Will 33s fit on a stock truck without a lift?

On most modern half-ton trucks, 33s will mount on stock suspension but rub at full steering lock or under hard suspension compression. A 2-inch leveling kit clears the issue on F-150, Silverado, Sierra, and Ram. Jeep Wrangler JL and JK trims handle 33s on stock suspension cleanly. Tacomas typically rub even with a leveling kit unless wheel offset is adjusted.

Can I run 35s on just a leveling kit?

Not cleanly on most half-ton trucks. A leveling kit raises only the front of the vehicle and does not create the suspension cycling clearance that 35s need. Owners who run 35s on a leveling kit usually have aftermarket wheels with aggressive offset, trimmed fenders, and tolerate rubbing on uneven terrain. For a clean 35" fitment, plan on at least a 3.5-inch full suspension lift.

Do I need new wheels when I go to bigger tires?

Usually yes once you go past 33". Factory wheels are designed with offset and backspacing that keep the tire tucked in close to the suspension. Larger tires need to sit further out from the suspension components, which means an aftermarket wheel with reduced backspacing or negative offset. Check the lift kit manufacturer's wheel spec before ordering.

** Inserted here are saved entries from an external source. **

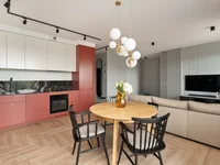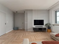 Элегантная квартира на 7-м этаже современного дома (2022 г.), с просторной дневной зоной (41 м²), высоким качеством отделки, угловой экспозицией и панорамным видом на Варшаву.
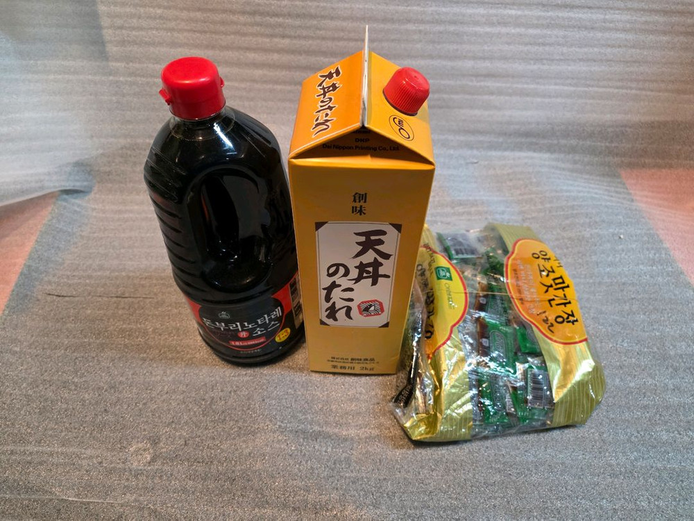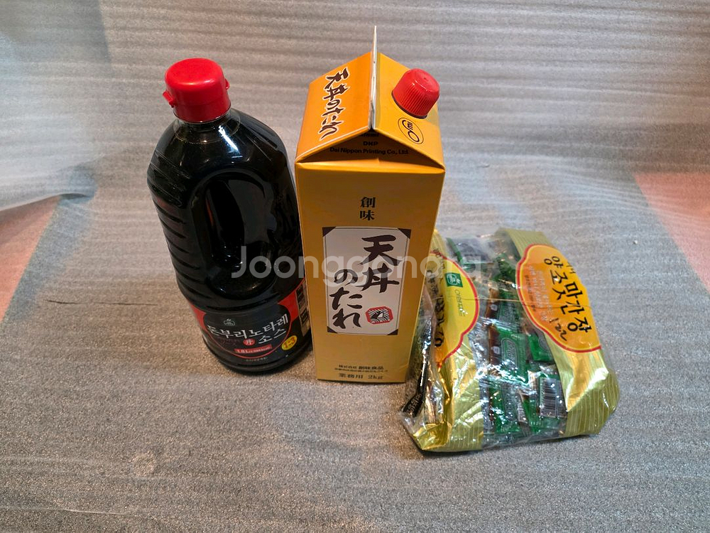 3종류 일괄 가격입니다. 새거 사려면 3만원 넘습니다. 폐업으로 남은 재료 싸게팝니다. 이엔푸드 돈부리노타레소스 1.8L 사용안한 새제품 1개 사용기한 2026.10.13 텐동노다래 소스 2kg 사용안한 새제품 1개 사용기한 26.06.25 일회용 양조 맛간장 5.6ml 122개 사용기한 27.04.27 택배거래시 안전 포장 하겠으나 파손 위험 있어서 파손 면책 동의 하신걸로 알고 진행합니다.
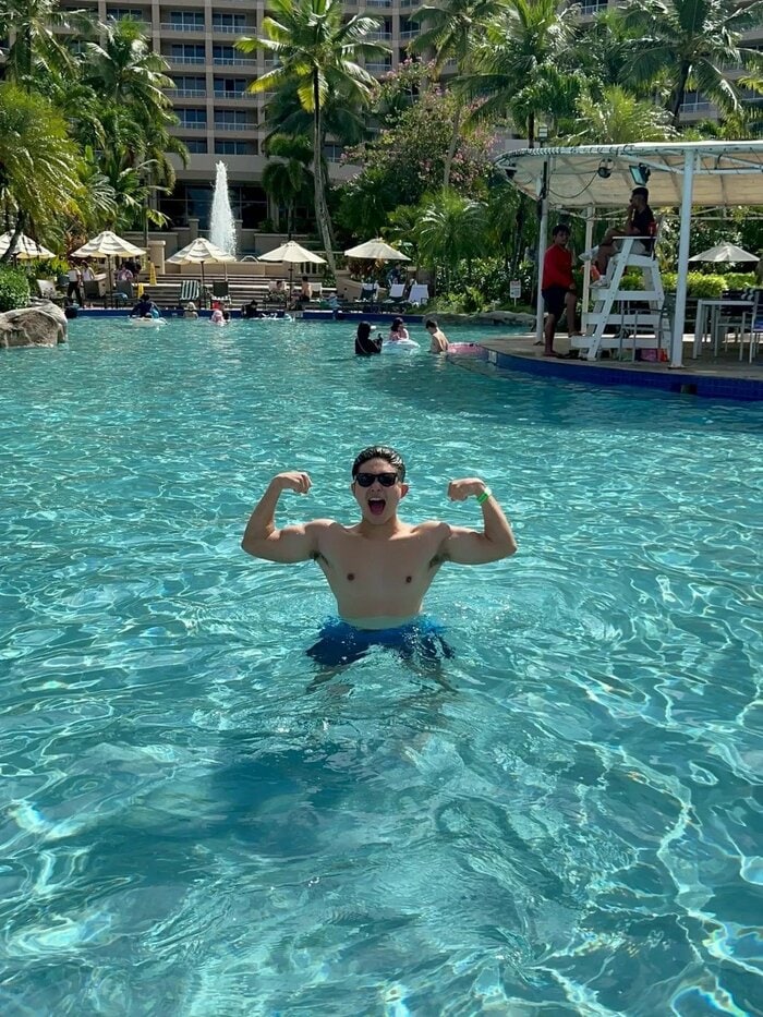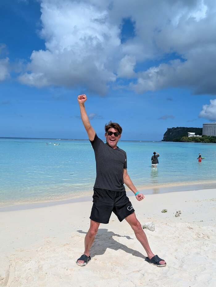 青い海と青い空を背に、大きく口を開けて力いっぱいガッツポーズをしたショットで、家族とグアムを訪れていることを報告しました。太ももやふくらはぎにはこんもりと筋肉がつき、Tシャツの生地が前に張り出しているように見えるほど、胸板の厚さが際立っています。
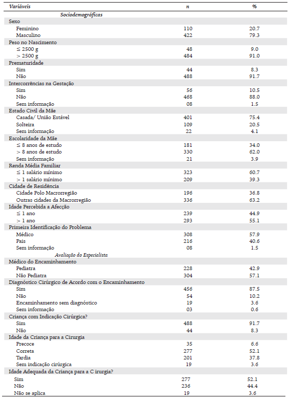 Assim, os dados deste estudo referem-se a uma amostra de 532 crianças, sendo que 79.3% eram do sexo masculino. Em relação à cidade de residência, 63.2% são de outras cidades da macrorregião e em 57.9% os médicos das unidades básicas de saúde foram os primeiros a perceber a afecção. O Quadro 1 apresenta as principais características das crianças avaliadas.
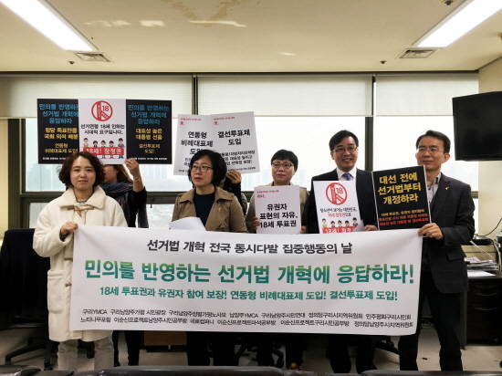 이들은 선언문에서 △선거와 관련한 시민의 정치적 표현을 억압하는 선거법 개정 △만 18세 투표권 보장 및 정치적 기본권을 제한하는 관련법 개정 △연동형 비례대표제 도입 △대통령·지방자치단체장 결선투표제 도입을 요구하며 선거법 개혁을 촉구했다.

Will a body lift let me fit bigger tires than a suspension lift?

A body lift adds fender-to-tire clearance because it raises the cab off the frame, but it doesn't help the suspension cycling clearance — when the suspension compresses, the tire is still moving toward the inner fender well. Body lifts are most useful as a supplement to a suspension lift on Jeeps and older trucks, not as a replacement.

How much will MPG drop with larger tires?

Expect a 1 to 3 MPG drop going from 32s to 35s, and a further 1 to 2 MPG drop going from 35s to 37s. The exact loss depends on tire weight, tread aggressiveness, gear ratio, and how the truck is driven. Regearing recovers some of the loss but not all of it.

Does going to a bigger tire affect my speedometer?

Yes. A larger tire covers more ground per revolution, so the speedometer under-reports speed and the odometer under-reports mileage. A 35" tire on a truck originally equipped with 32s will show roughly 9% slow on the speedometer. Recalibration through an OBD-II programmer is the standard fix on modern trucks.